# Fishing at Watson Mill Bridge State Park?



## Iam99x (Apr 26, 2010)

I live in Athens, GA, and I'm currently looking for a good occassional fishing spot. My girlfriend and I went to Fort Yargo the other day and had horrible luck. The wind was too horrible, and we spent most of the time paddling. I'm not looking for trophy fish. Just something to keep us entertained. 

Side note: I searched the forum for related threads, and all threads were pretty old, and I want some recent feedback.


----------



## Twenty five ought six (Apr 27, 2010)

From last week's newspaper --

http://www.onlineathens.com/stories/042110/spo_612523250.shtml


----------



## Iam99x (Apr 27, 2010)

Great resource. Thanks!


----------



## jack butler (Apr 27, 2010)

sandy creek in athens is good


----------



## Iam99x (Apr 27, 2010)

Is it a good place to fish off the bank? I don't have a boat.


----------



## Twenty five ought six (Apr 27, 2010)

Iam99x said:


> Is it a good place to fish off the bank? I don't have a boat.



Sandy Creek has good bank fishing.


----------



## Iam99x (Apr 27, 2010)

Cool. What type of bait/lures do you recommend for Sandy Creek?

I'm pretty new...


----------



## Bruiser (Apr 27, 2010)

Iam99x said:


> I live in Athens, GA, and I'm currently looking for a good occassional fishing spot.



The river at Watson Mill State Park can get low during the summer months. However, there are some small holes there where you can pull out some small bass. It's fun on ultralight rigs. The park is a nice place for a quick get away. What's unique about the bass in that river is that it is of the Bartram's variety. Bartram's are an unconfirmed species and are similar to redeye bass. Scientists are currently doing studies to distinguish the two.

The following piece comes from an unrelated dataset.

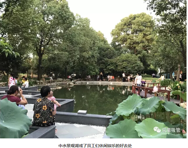 “雙童”人最喜歡駐足停留的便是行政樓前的中水景觀湖了,景觀湖將樹木、花朵、小橋、流水融合在一起,一旁的樹木搖曳風(fēng)姿,湖水在陽光的照耀下顯得格外美麗!

You won't catch any monsters, but the fish are beautiful. 

Here is one that I caught at the park


----------



## Iam99x (Apr 28, 2010)

Man that's cool. I'm definetely interested in going now! Thanks for the info!


----------



## Iam99x (Apr 30, 2010)

In case anyone is wondering. Bell's Lake in Watkinsville is 99% Catfish. 

We didn't have any luck in the Broad River, either. We may try Lanier or Sandy Creek today.


----------



## Iam99x (Apr 30, 2010)

Sandy Creek update:

JoshM and I went out today to Sandy Creek. They were biting top water jigs/flys off the bank, but nothing serious. I pulled a ~2lbs, what appeared to be a Bass, up to the bank and he jumped off. That was on a Texas rigged watermelon seed plastic worm.

I'm getting burnt out on fishing pretty fast. Maybe I'm choosing poor locations. I don't have anyone that I know who can point me in the right direction. I'm really going off internet research to learn how to be a good fisherman, and it's not working! 

WHERE ARE THE FISH?!?!


----------



## Bruiser (May 1, 2010)

Do you have a kayak or canoe? Are you willing to travel up to an hour away?


----------



## Iam99x (May 1, 2010)

I don't have a boat, yet, but I am willing to travel up to 2 hours away.


----------



## smiiithy (Apr 12, 2018)

*Best fishing set up?*

Hello all,

I am new to the forum and am from Northumberland, England where I do quite a bit of fly fishing for (stocked) rainbow and brown trout and have done a little bit of spinning on the cost for mackerel and such.

In June I will be doing a road trip accross the Deep South with my partner Cheryl. One of our first stops (for a couple of days) is at Watson Mill Bridge State Park.

I was thinking of buying a telescopic spinning rod which I could take with me on the plane. We are packing very light so I wondered if anyone has any advice on what minimalist equipment set-up I should consider for a casual couple of hours fishing from the bank or boat?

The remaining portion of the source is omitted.